Current status: Implemented as of February 1, 2022.
Certain provisions in the act enter into force on different dates:
84 para. 12, § 88, 89 and § 116 par. 12, enters into force August 1, 2022.
116 par. 7 to 10, enters into force November 1, 2022.
The new law regulates the following topics:
- Authorization to provide networks or services
- Network operation
- Frequency and number management
- Access and interconnection
- Provision of services
- Security and integrity of public networks and services
- Protection of privacy and personal data
- Provision of subsidies in the electronic communications sector
- Supervision by the office of public regulated services
Current status: Implemented on October 11, 2022.
The act regulates powers, the organization and operation of the Agency for Communication Networks and Services of the Republic of Slovenia as the independent regulatory body and the powers of other bodies performing tasks under this act, as well as other issues related to electronic communications. The act covers:
- General provisions
- Terms for providing electronic communication networks and services
- Building networks and associated infrastructure and promoting connectivity
- Disposal and limitations of title
- Radio frequency spectrum management
- Digital broadcasting
- Managing the elements of numbering
- Security of networks and services and operation in threat conditions
- Ensuring competition
- Universal service and additional mandatory services
- Rights of users
- Processing of personal data and privacy protection of electronic communications
- Conflict resolution
- Electronic communications council
- Penal provisions
Current status: Implemented as of June 28, 2022.

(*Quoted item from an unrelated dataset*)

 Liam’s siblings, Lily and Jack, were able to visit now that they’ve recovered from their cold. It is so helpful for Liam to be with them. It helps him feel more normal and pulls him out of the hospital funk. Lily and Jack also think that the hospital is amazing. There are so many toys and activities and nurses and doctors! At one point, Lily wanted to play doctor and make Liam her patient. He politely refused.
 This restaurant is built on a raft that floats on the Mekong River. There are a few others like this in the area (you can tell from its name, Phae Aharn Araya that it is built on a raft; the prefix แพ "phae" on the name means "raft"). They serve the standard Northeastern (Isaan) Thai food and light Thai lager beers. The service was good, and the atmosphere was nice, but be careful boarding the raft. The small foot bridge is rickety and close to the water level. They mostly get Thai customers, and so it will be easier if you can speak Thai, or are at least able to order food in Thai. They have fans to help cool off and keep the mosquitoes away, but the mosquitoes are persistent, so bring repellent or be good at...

The new act introduces new developments of interest to the telecommunications sector, including a new classification of electronic communications services, the creation of a single point for information and processing of permits for the deployment of networks, the strengthening of users’ rights, and the optimization of the processing of the general operators fee.

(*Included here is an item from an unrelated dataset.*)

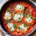 This Easy Shakshuka recipe features a delicious and comforting North African and Middle Eastern dish made with poached eggs in a spicy, savory tomato and bell pepper sauce, seasoned with aromatic spices like paprika and cumin. Perfect for breakfast, brunch, or any meal, it’s simple to prepare and bursting with flavor.

The act’s main objective is to promote investment in very high-capacity networks. Important changes are introduced in the public radioelectric domain, incorporating measures to facilitate the shared use of the radioelectric spectrum by operators and avoiding undue restrictions on the implementation of wireless access points for small areas. The act also incorporates advances in the protection of the rights of end-users of telecommunications services.
Current status: Implemented as of June 3, 2022.
The new act introduces new and detailed rules regarding the information that shall be provided to end-users before entering into an agreement. The Post and Telecom Authority is additionally provided the power to impose penalty fees for certain types of violations. The penalty fee shall be set at a minimum of SEK5,000 and a maximum of SEK10 million.
Many of the provisions in the new act correspond to those of the former Electronic Communications Act. However, the following amendments are of interest:
- Number-independent interpersonal communications services, such as email and messaging services, are covered by the new act
- An obligation for providers of publicly available electronic communications services to provide a contract summary before entering into an agreement with a consumer
- Obligations regarding bundles
Further, a new Electronic Communications Ordinance and a number of new regulations from the Post and Telecom Authority entered into force on June 3, 2022.
Current status: Partially implemented excepting certain end-user rights requirements.
Provisions within the legislation include:
- Mobile providers banned from selling locked mobile devices
- Extended rules on accessibility for disabled customers
- New rules for bundles, including other services or equipment sold with a communication service
- Better contract information and stronger termination rights
In addition to this statutory instrument, Ofcom’s General Conditions had to be taken into account, as the more granular requirements outlined in the EECC are enforced through these conditions.
Improved switching processes for landline, broadband and mobile provisions have been proposed for April 2023.